If the backstage doesn’t function, the piece doesn’t work. The backstage is the well-oiled machine that keeps a show running. Yes, your actors can be phenomenal. And your director can be visionary. And your writing can win awards. But if your backstage isn’t organized enough to bring all the pieces together, nothing will work.

Backstage at a puppet show

Juan, Andres and Jay backstage at a puppet show - Peten, Guatemala

Today’s verses are Matthew 6:2-4.

When you give to someone in need, don’t do as the hypocrites do—blowing trumpets in the synagogues and streets to call attention to their acts of charity! I tell you the truth, they have received all the reward they will ever get. But when you give to someone in need, don’t let your left hand know what your right hand is doing. Give your gifts in private, and your Father, who sees everything, will reward you.

When I read today’s verses, I thought of the backstage.

No one ever talks about the backstage. No one ever talks about the people in the trenches on movie sets. The stage managers, the prop masters, the grunts who do the difficult work usually fade into obscurity. They are the ones listed in the end of the credits in small type that few pay attention to. They are the ones who make the movie or the play happen, and no one will ever see them. If someone ever sees them, especially during the movie or the play, that means they’re not doing their job.

Backstage is invisible. Like shadows. You’re never supposed to see them. Backstage is designed to help the actors and the directors and the writers shine, while they receive little to no credit at all. And the irony is that I don’t think they mind.

Maybe this is a bad example. But I think Christians are supposed to live like they work backstage at a theatrical production. That’s what this statement from Jesus in the Sermon on the Mount says to me.

People who help others in order to draw attention to their good works are hypocrites. That’s what the religious people of Jesus’ day did. They wanted to make sure everyone knew that they were sacrificing to help people around them. But what Jesus is saying here is that when you help someone, you shouldn’t make a big deal out of it. You should keep it private. You should keep it between you and God.

I love what Jesus said that those who call attention to their good deeds have received all the reward they will get. When we help others just to show off how compassionate we are, all we do is demonstrate that we crave attention and adulation and praise from our peers. And, yes, you may be helping others. But if you only help others to obtain the credit for it? Those good works don’t mean anything.

But if you help someone in secret–if you help someone quietly, without fanfare and without expecting praise–that’s different. That says you care more about the person you’re helping than what you can get out of helping them. And that kind of humility is something that God will bless.

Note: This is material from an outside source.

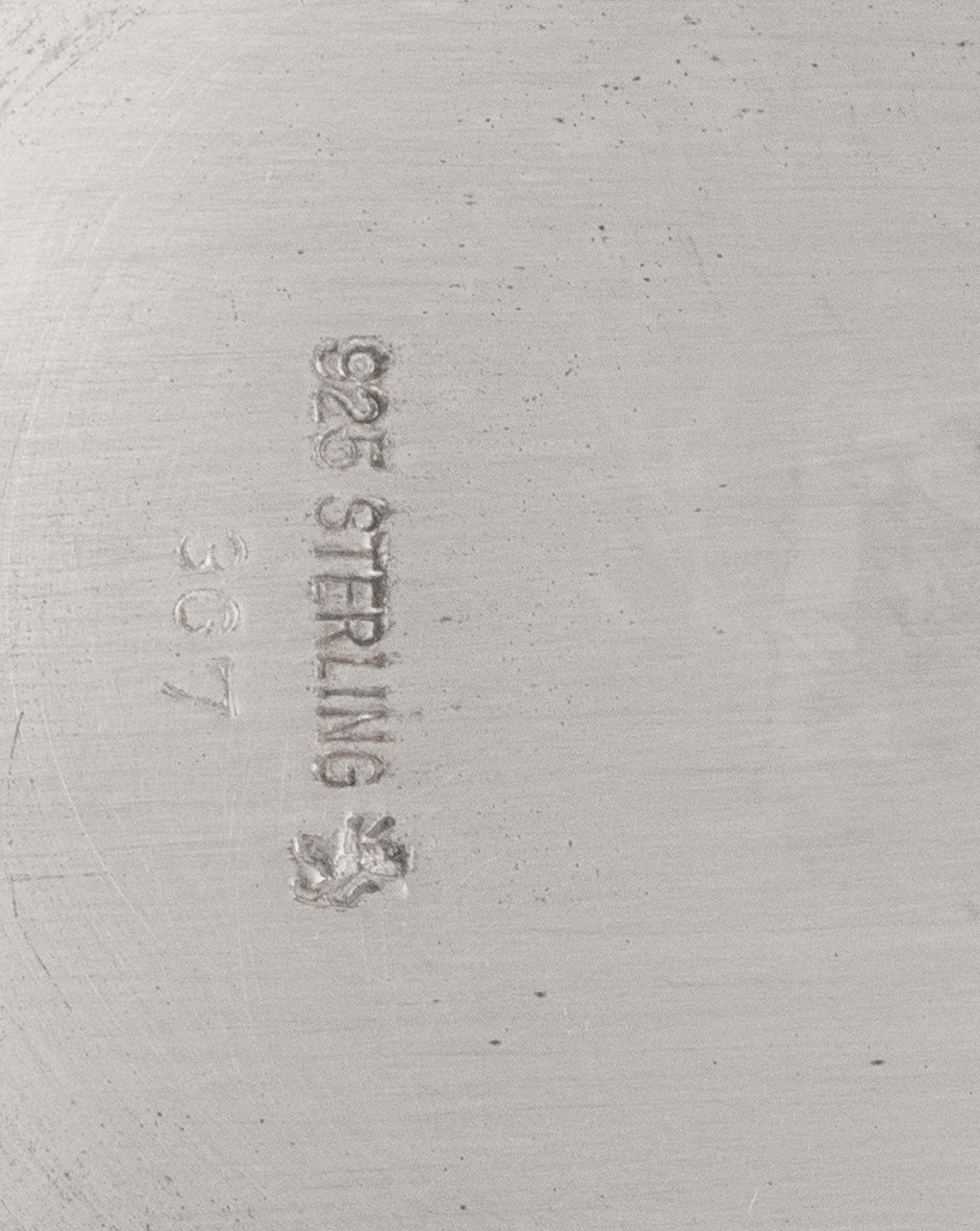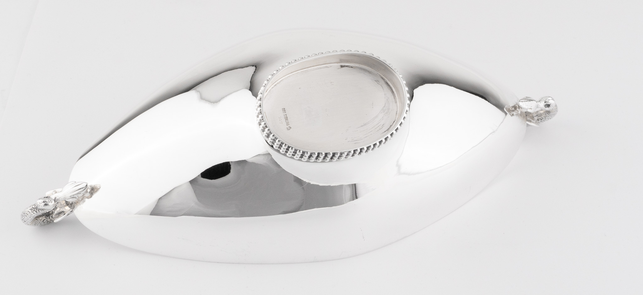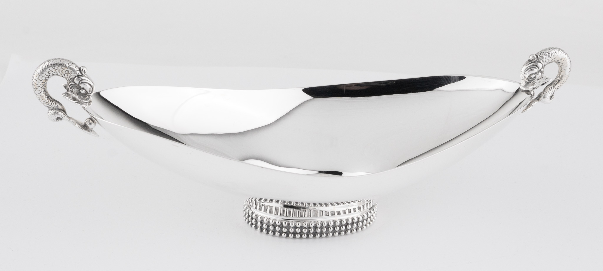 Eine elegante Henkelschale mit Delphinen als Handhabe gearbeitet in 925 Sterlingsilber – Meistermarke Gebrüder Deyhle Schwäbisch Gmünd – Mitte 20. Jahrhundert

Granted, we are supposed to give God credit for everything. We’re supposed to be ready with an answer if anyone asks us why we live the way we live. So don’t be a backstage Christian when it comes to explaining your faith. That’s not what I’m talking about.

When it comes to helping others, stay in the shadows. Don’t desire adulation or credit, and don’t seek after the spotlight. God knows what’s going on in your heart, and He will make sure you receive the reward you deserve for your actions, either in this life or the life to come.

Stick to the backstage. You can get all the action you can stand without having to make a fool of yourself in front of millions of people. Sounds like a good trade off to me.